I will also have to check with Churchill's to make sure we can get in because it is a members only club. RJT


----------



## fireman43 (Oct 15, 2006)

I don't know that area too well, but will do my best to make it wherever we decide on.


----------



## RJT (Feb 12, 2005)

Is this still on? RJT


----------



## Mister Moo (Sep 8, 2005)

RJT said:


> Is this still on? RJT


Saturday, 27 January
Bar by the pool, Four Seasons, Greensboro.
18:30hrs

Good for you? Good for me.


----------



## RJT (Feb 12, 2005)

Mister MaDuroo said:


> Saturday, 27 January
> Bar by the pool, Four Seasons, Greensboro.
> 18:30hrs
> 
> Good for you? Good for me.


Sounds good to me. I could even do a earlier time.

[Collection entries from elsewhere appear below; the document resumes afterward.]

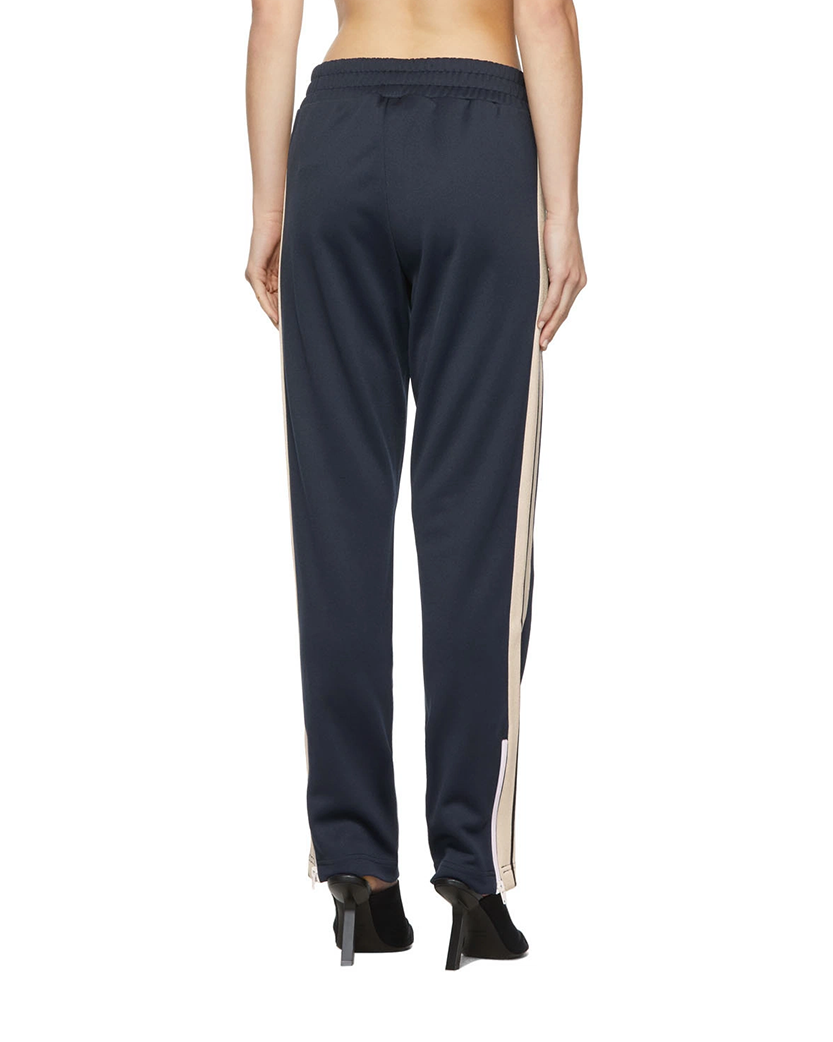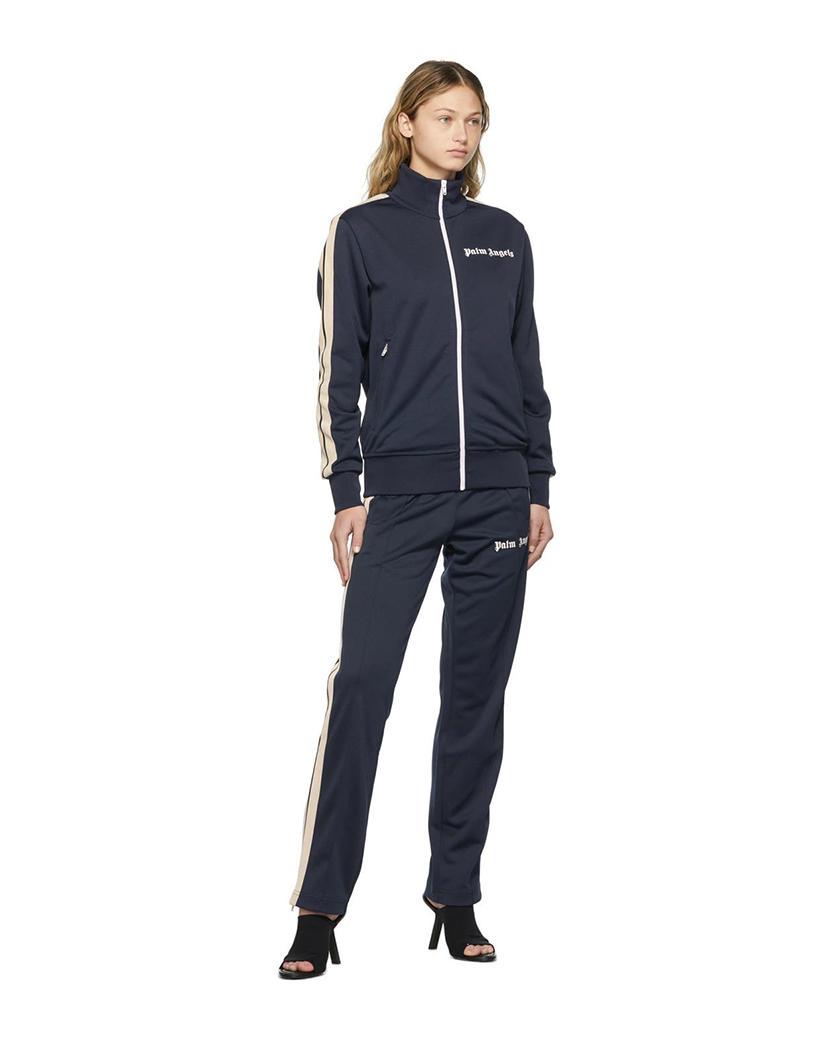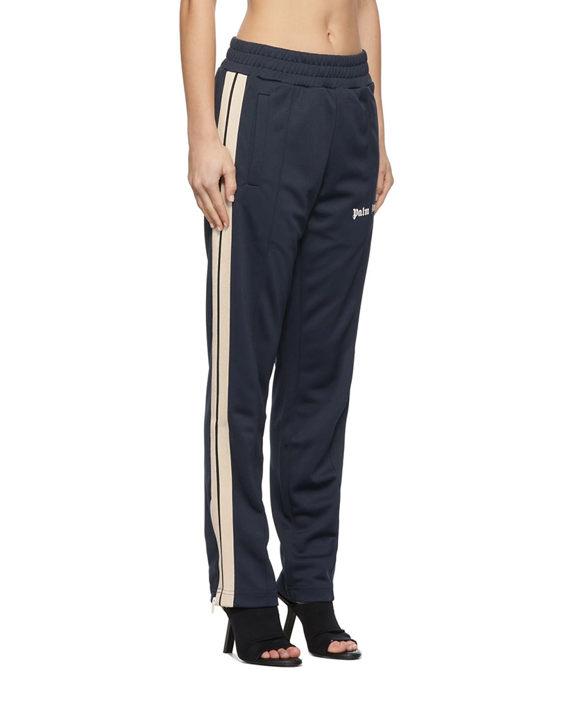 Palm Angels Track Pants — це спортивні штани з поліестеру, що поєднують комфорт і вуличну естетику бренду. Модель має прямий крій і середню посадку на талії, доповнену еластичним поясом для зручної фіксації. Шов спереду на штанинах надає структурності силуету, а застібки-блискавки на манжетах дозволяють регулювати ширину низу. Уздовж зовнішніх швів проходить чорно-біла трикотажна смуга, що підкреслює спортивний характер виробу. На передній частині штанини розташовано білий логотип Palm Angels.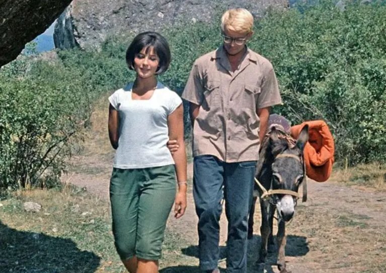 Русская молодая пара со своим ослом гуляет в горах. Они одеты просто, главное в данном случае – удобство. Юг России. 1967 год. Это кадр из фильма "Кавказская пленница".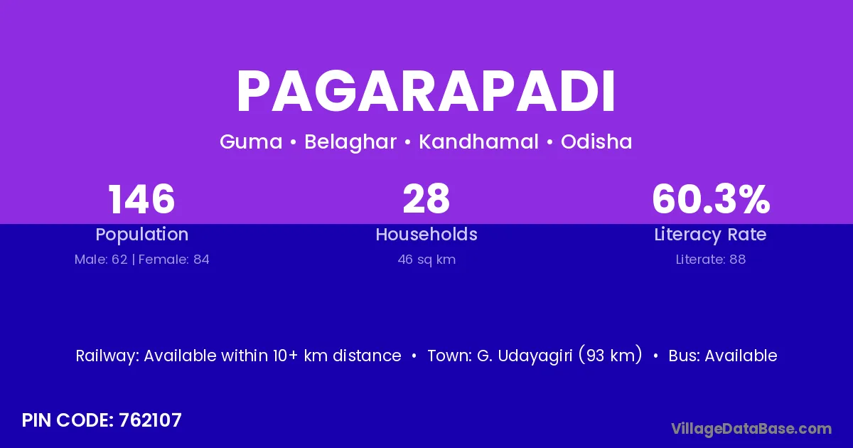 Pagarapadi village has a total population of 146 people, of which 62 are males and 84 are females.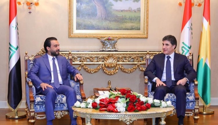 خام – اربيل: بحث رئيس مجلس النواب محمد الحلبوسي يرافقه وفد نيابي، اليوم الثلاثاء، مع رئيس حكومة إقليم كردستان، نيجرفان بارزاني، ملف اختيار محافظ لنينوى.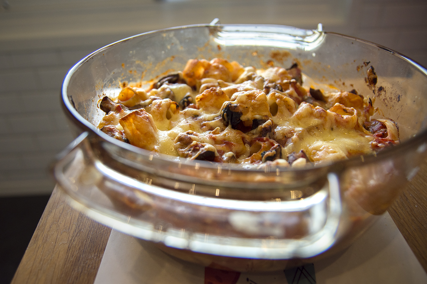Gratinera cirka 10-15 minuter, tills osten är gyllene. Servera med valfri grönsak.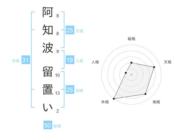 阿知波 留置いさんを姓名の画数から五運を鑑定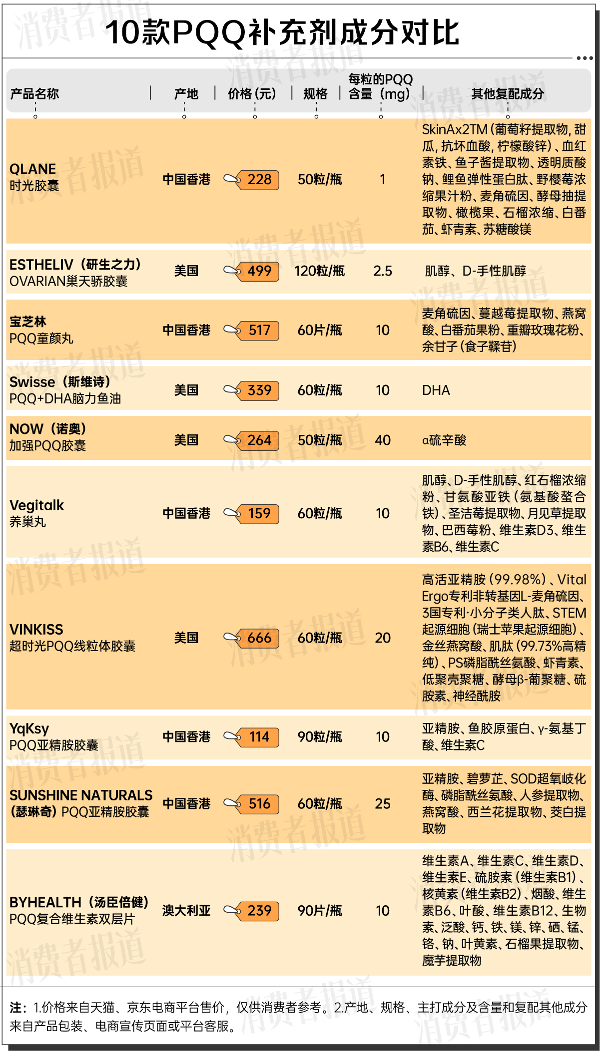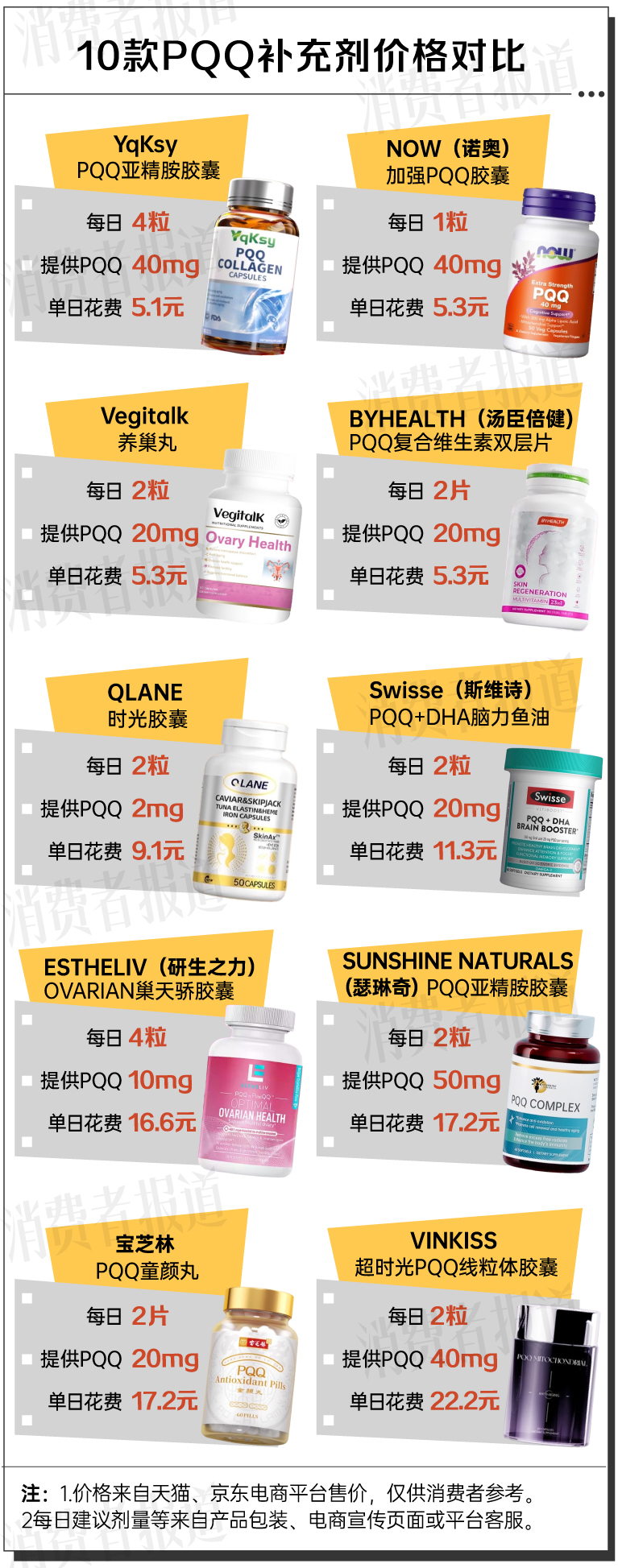 10款PQQ补充剂对比:持续补充一个月最高花费666元

Just spoke with them and they have a decent selection of single malt and we should be able to order food from the other restaurants and have it brought to us. This should be fun. Everyone sign in and let us know who is comming. I may come early, say around 3:00 if anyone wants to join me. Robert

LIST OF RESTAURANTS:
http://www.sheratongreensboro.com/restaurants.shtml

The Connection Cigar & Martini Bar-Located near the pool, this is the perfect place for intimate or business cocktails. This bar is cigar friendly. Casual and relaxed. Phone # to the hotel (336) 292-9161

Hours:
Monday - Saturday 11:30am - Midnight

Location: North Lobby

****If we might plan on hitting Churchill's also later on that night I suggest wearing business casual type wear or most likley we want be able to get in.**** I will most likley wear jeans but with a a nice button down shirt and a sport coat.


----------



## Guest (Jan 1, 2007)

Sounds good on my end.

Root


----------



## RJT (Feb 12, 2005)

Bump


----------



## squid (Oct 9, 2006)

Have car...will travel!

Raleigh GREAT for me...BUT Winston Salem wouldn't be bad either and it may be more central for those throughout the state.


----------



## RJT (Feb 12, 2005)

squid said:


> Have car...will travel!
> 
> Raleigh GREAT for me...BUT Winston Salem wouldn't be bad either and it may be more central for those throughout the state.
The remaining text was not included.